→ **Input data**
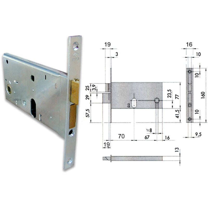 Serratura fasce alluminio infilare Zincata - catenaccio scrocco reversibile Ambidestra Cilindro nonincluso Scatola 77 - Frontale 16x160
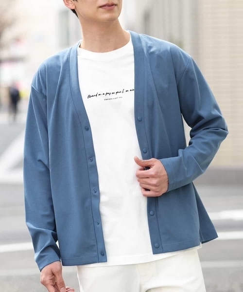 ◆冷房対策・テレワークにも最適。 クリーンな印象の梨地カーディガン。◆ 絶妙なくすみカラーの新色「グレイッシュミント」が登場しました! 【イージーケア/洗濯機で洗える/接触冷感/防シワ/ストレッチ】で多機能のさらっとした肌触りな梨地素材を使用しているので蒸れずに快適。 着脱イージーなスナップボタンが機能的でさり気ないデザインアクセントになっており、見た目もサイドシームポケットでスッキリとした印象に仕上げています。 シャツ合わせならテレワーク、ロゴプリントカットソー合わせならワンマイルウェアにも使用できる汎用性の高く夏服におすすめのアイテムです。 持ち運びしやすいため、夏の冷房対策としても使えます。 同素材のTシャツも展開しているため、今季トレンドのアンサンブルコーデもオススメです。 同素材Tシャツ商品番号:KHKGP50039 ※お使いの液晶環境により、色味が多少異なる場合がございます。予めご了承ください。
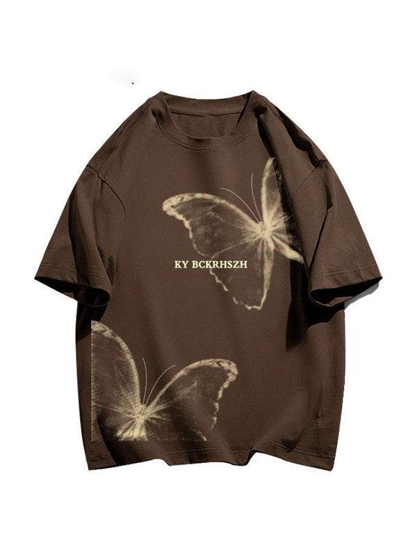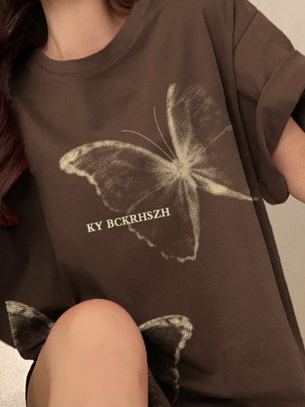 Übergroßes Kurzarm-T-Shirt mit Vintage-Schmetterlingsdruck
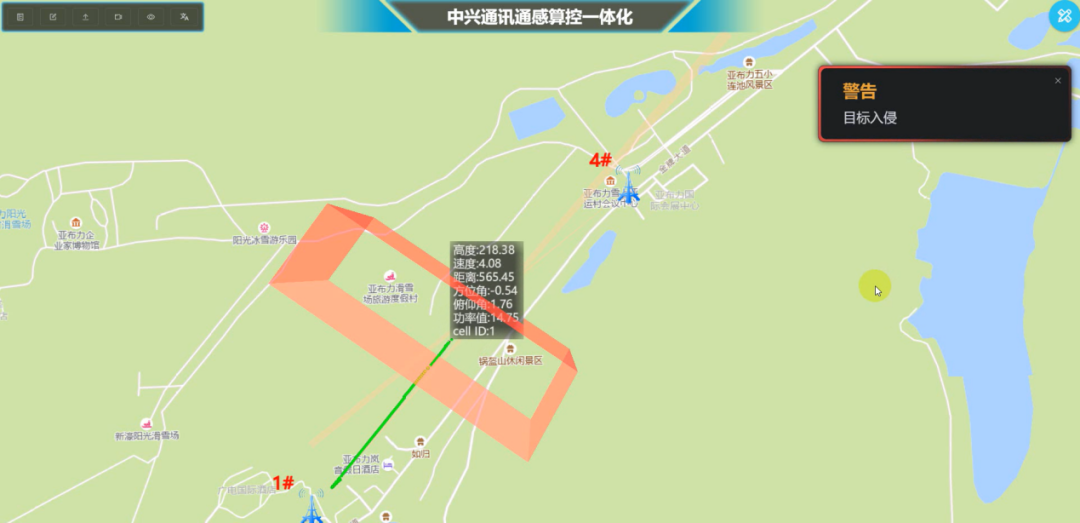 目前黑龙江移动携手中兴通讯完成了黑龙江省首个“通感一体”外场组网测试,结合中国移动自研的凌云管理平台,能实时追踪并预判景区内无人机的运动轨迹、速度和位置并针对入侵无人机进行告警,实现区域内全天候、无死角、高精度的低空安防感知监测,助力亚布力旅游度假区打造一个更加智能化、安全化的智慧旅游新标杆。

→ **Instructions for the task**
The expected output is an exact copy of the lines from the top of the data above through the line containing "Übergroßes Kurzarm-T-Shirt mit", both included, with every picture omitted.

→ **Exercise answer**
 Serratura fasce alluminio infilare Zincata - catenaccio scrocco reversibile Ambidestra Cilindro nonincluso Scatola 77 - Frontale 16x160
 ◆冷房対策・テレワークにも最適。 クリーンな印象の梨地カーディガン。◆ 絶妙なくすみカラーの新色「グレイッシュミント」が登場しました! 【イージーケア/洗濯機で洗える/接触冷感/防シワ/ストレッチ】で多機能のさらっとした肌触りな梨地素材を使用しているので蒸れずに快適。 着脱イージーなスナップボタンが機能的でさり気ないデザインアクセントになっており、見た目もサイドシームポケットでスッキリとした印象に仕上げています。 シャツ合わせならテレワーク、ロゴプリントカットソー合わせならワンマイルウェアにも使用できる汎用性の高く夏服におすすめのアイテムです。 持ち運びしやすいため、夏の冷房対策としても使えます。 同素材のTシャツも展開しているため、今季トレンドのアンサンブルコーデもオススメです。 同素材Tシャツ商品番号:KHKGP50039 ※お使いの液晶環境により、色味が多少異なる場合がございます。予めご了承ください。
 Übergroßes Kurzarm-T-Shirt mit Vintage-Schmetterlingsdruck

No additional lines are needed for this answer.